After the data has been rebuilt, serve the UI:

cd benchmark_ui
python3 -m http.server 8000

Open it in the browser:

http://localhost:8000

What this is

Jarri Benchmark is a deterministic analysis surface for local LLM benchmarking.

It exposes benchmark evidence through a plain HTML/JavaScript UI backed by exported JSON surfaces. Those JSON files are derived from canonical benchmark ledgers, joined failure analysis, and DuckDB-backed ranking/export steps.

The goal is simple:

  • show what models actually do
  • show what they cost in energy
  • show how many output tokens they waste
  • show how they fail
  • show which configurations are genuinely useful

What this is not

This repository does not define benchmark truth by itself.

It does not:

  • prompt models directly
  • evaluate answers directly
  • define benchmark manifests
  • own the GPU control policy
  • replace the upstream Jarri benchmark chain

It contains the release-facing execution, rebuild, export, and UI surface needed to inspect that chain.


Core visible surfaces

The UI is built around a few concrete inspection surfaces:

  • model comparison
  • selected model detail
  • task registry
  • task ranking
  • model × task surface
  • model × TDP surface
  • task drilldown
  • failure surface
  • Pareto frontier
  • raw JSON browser

These surfaces are intended to remain operator-readable first. Fancy visualization is secondary to inspectable truth.


Core metrics

The system currently surfaces metrics such as:

  • average evaluator score
  • average energy in joules
  • tokens per second
  • average output tokens
  • average total tokens
  • joules per output token
  • output tokens per joule
  • score per 100 output tokens
  • score per output token
  • score per Wh
  • output-token waste relative to best visible row
  • score-per-Wh relative to best visible row
  • hard failure rate
  • success rate

This is important: the system is not only measuring correctness. It is measuring correctness relative to cost and behavior.


Why output tokens matter

Input prompts are mostly standardized. That makes output-token behavior highly informative.

A model that burns dramatically more output tokens to attempt the same task is often revealing one or more of these:

  • weak task discipline
  • rambling search behavior
  • semantic uncertainty
  • inefficient reasoning structure
  • wasted energy for lower-quality output

This is why token use is treated as a first-class metric rather than hidden behind generic speed numbers.


Reading the UI correctly

Avg Score %

Average evaluator score for the slice. Higher is better.

Avg Energy J

Average observed energy used by the slice. Lower is better.

Tokens/s

Raw throughput. Useful, but not a truth metric on its own.

Out Tokens

Average output tokens generated per task. Lower usually means less waste.

OutTok vs Best

Relative output-token consumption compared with the best visible row.

  • 1.00x = best visible token efficiency
  • higher values = more token waste

Score/100tok

How much evaluator score is being bought per 100 output tokens.

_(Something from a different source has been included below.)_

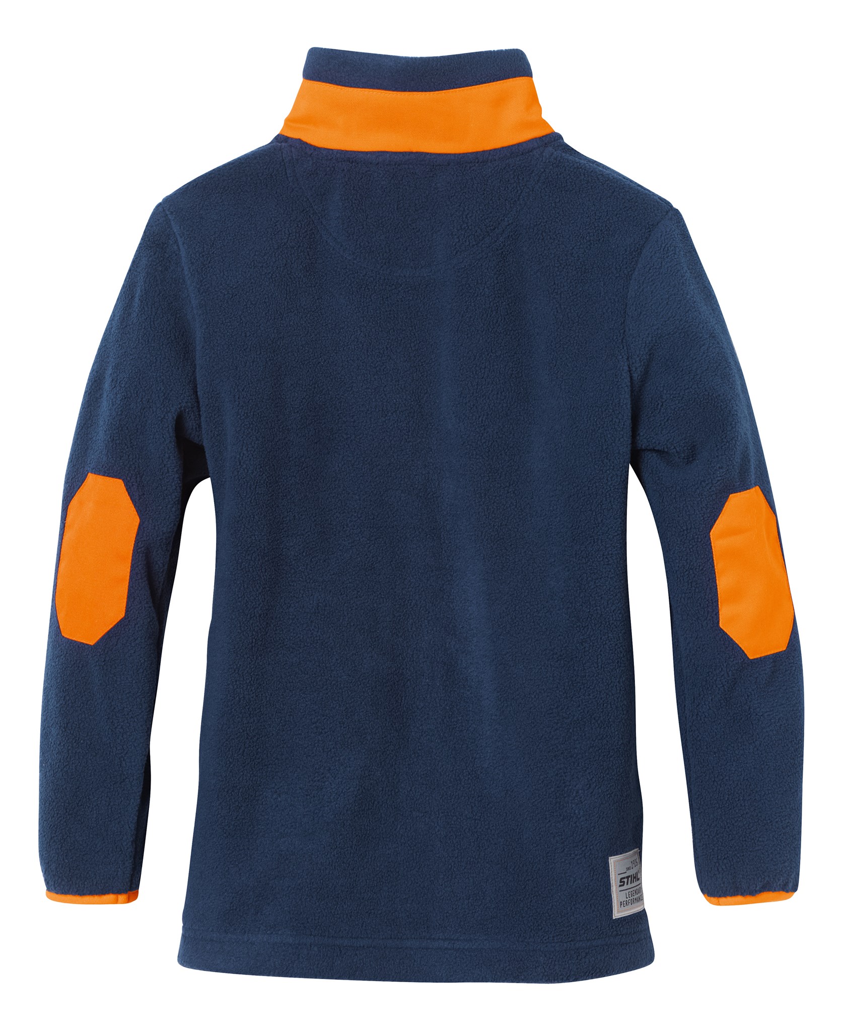 Kot nalašč za mlade divjake! Robustna flis jakna je kot nalašč za prehodno obdobje. Natisnjeni motiv "ON DUTY" in motorna žaga ter zaščita komolca v oranžni barvi STIHL dopolnjujejo obliko. Modre barve, 100% poliester, stoječ ovratnik, zadrga z zaščito za brado, dva stranska žepa in en naprsni žep z zadrgo.

Higher is better.

J/OutTok

How much energy is spent per output token. Lower is better.

Score/Wh vs Best

Relative score-per-Wh compared with the best visible row.

  • 1.00x = best visible energy efficiency
  • lower values = weaker score return for the same energy budget

Hard Failure

How often the slice fails badly enough to be structurally unreliable.

Success

How often the slice completed successfully under the exported contract.


Data contract

The UI expects benchmark data under benchmark_ui/data/.

Minimum core surfaces:

benchmark_ui/data/
  duckdb_model_rankings.json
  duckdb_task_rankings.json
  duckdb_model_task_tdp.json
  duckdb_pareto_frontiers.json
  duckdb_task_registry.json
  duckdb_failure_surfaces.json

Additional surfaces often present:

benchmark_ui/data/
  data_index.json
  joined/
  failures/
  analysis/
  registries/
  verification/

If the required JSON artifacts do not exist, the UI has nothing truthful to display.


Canonical pipeline position

This UI sits late in the Jarri benchmark chain.

Simplified truth path:

benchmark/cli/benchmark_run.py
  -> llm_benchmark_runs.jsonl
  -> benchmark/cli/jarri_benchmark_export.py
  -> benchmark/cli/jarri_benchmark_failure_aggregate.py
  -> benchmark/cli/jarri_benchmark_failure_join.py
  -> scripts/export/sync_benchmark_ui_data.sh
  -> scripts/benchmark/import_benchmark_json_to_duckdb.py
  -> scripts/export/export_duckdb_*.py
  -> benchmark_ui/data/*.json
  -> benchmark_ui/index.html + app.js

The UI is downstream of canonical artifacts.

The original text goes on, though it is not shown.